Note: since this package was initially proposed for modelling consumer choices, attribute names of ChoiceDataset are borrowed from the consumer choice literature.

Note: PyTorch uses the term tensor to denote high dimensional matrices, we will be using tensor and matrix interchangeably.

After walking through this tutorial, you should be abel to initiate a ChoiceDataset object as the following and use it to manage data.

dataset = ChoiceDataset(
    # pre-specified keywords of __init__
    item_index=item_index,  # required.
    # optional:
    user_index=user_index,
    session_index=session_index,
    item_availability=item_availability,
    # additional keywords of __init__
    user_obs=user_obs,
    item_obs=item_obs,
    session_obs=session_obs,
    price_obs=price_obs)

Observables

Observables are tensors with specific shapes, we classify observables into four categories based on their variations.

Basic Usage

Optionally, the researcher can incorporate observables of, for example, users and items. Currently, the package support the following types of observables, where \(K_{...}\) denote the number of observables.

  1. user_obs \(\in \mathbb{R}^{U\times K_{user}}\): user observables such as user age.
  2. item_obs \(\in \mathbb{R}^{I\times K_{item}}\): item observables such as item quality.
  3. session_obs \(\in \mathbb{R}^{S \times K_{session}}\): session observable such as whether the purchase was made on weekdays.
  4. price_obs \(\in \mathbb{R}^{S \times I \times K_{price}}\), price observables are values depending on both session and item such as the price of item.

The researcher should supply them with as appropriate keyword arguments while constructing the ChoiceDataset object.
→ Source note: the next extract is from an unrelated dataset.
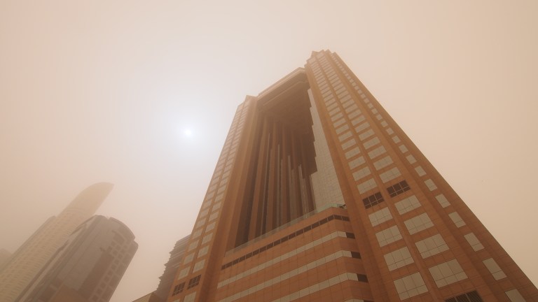 The view from up here is spectacular. I was hoping to capture the sunset but the sandstorm clouded the horizon in the distance nevertheless, there was plenty to see from up here. The buildings that looked so big on the ground were miniature from up here.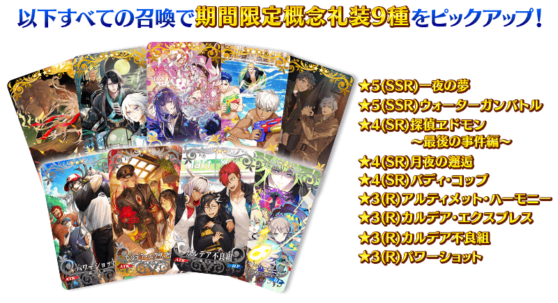 本召喚にてピックアップされている期間限定概念礼装9種は、ボイス付きの概念礼装となります。

(Optional) Advanced Usage: Additional Observables

In some cases, the researcher have multiple sets of user (or item, or session, or price) observables, say user income (a scalar variable) and user market membership. The user income a matrix in \(\mathbb{R}^{U\times 1}\). Further, suppose there are four types of market membership: no-membership, silver-membership, gold-membership, and diamond-membership. The user market membership is a binary matrix in \(\{0, 1\}^{U\times 4}\) if we one-hot encode users' membership status.

In this case, the researcher can either 1. concatenate user_income and user_market_membership to a \(\mathbb{R}^{U\times (1+4)}\) matrix and supply it as a single user_obs as the following:

dataset = ChoiceDataset(..., user_obs=torch.cat([user_income, user_market_membership], dim=1), ...)
2. Or, supply these two sets of observables separately, namely a user_income \(\in \mathbb{R}^{U \times 1}\) matrix and a user_market_membership \(\in \mathbb{R}^{U \times 4}\) matrix as the following:
dataset = ChoiceDataset(..., user_income=user_income, user_market_membership=user_market_membership, ...)

Supplying two separate sets of observables is particularly useful when the researcher wants different kinds of coefficients for different kinds of observables.

For example, the researcher wishes to model the utility for user \(u\) to purchase item \(i\) in session \(s\) as the following:

\[ U_{usi} = \beta_{i} X^{(u)}_{user\ income} + \gamma X^{(u)}_{user\ market\ membership} + \varepsilon \]

Please note that the \(\beta_i\) coefficient has an \(i\) subscript, which means it's item specific. The \(\gamma\) coefficient has no subscript, which means it's the same for all items.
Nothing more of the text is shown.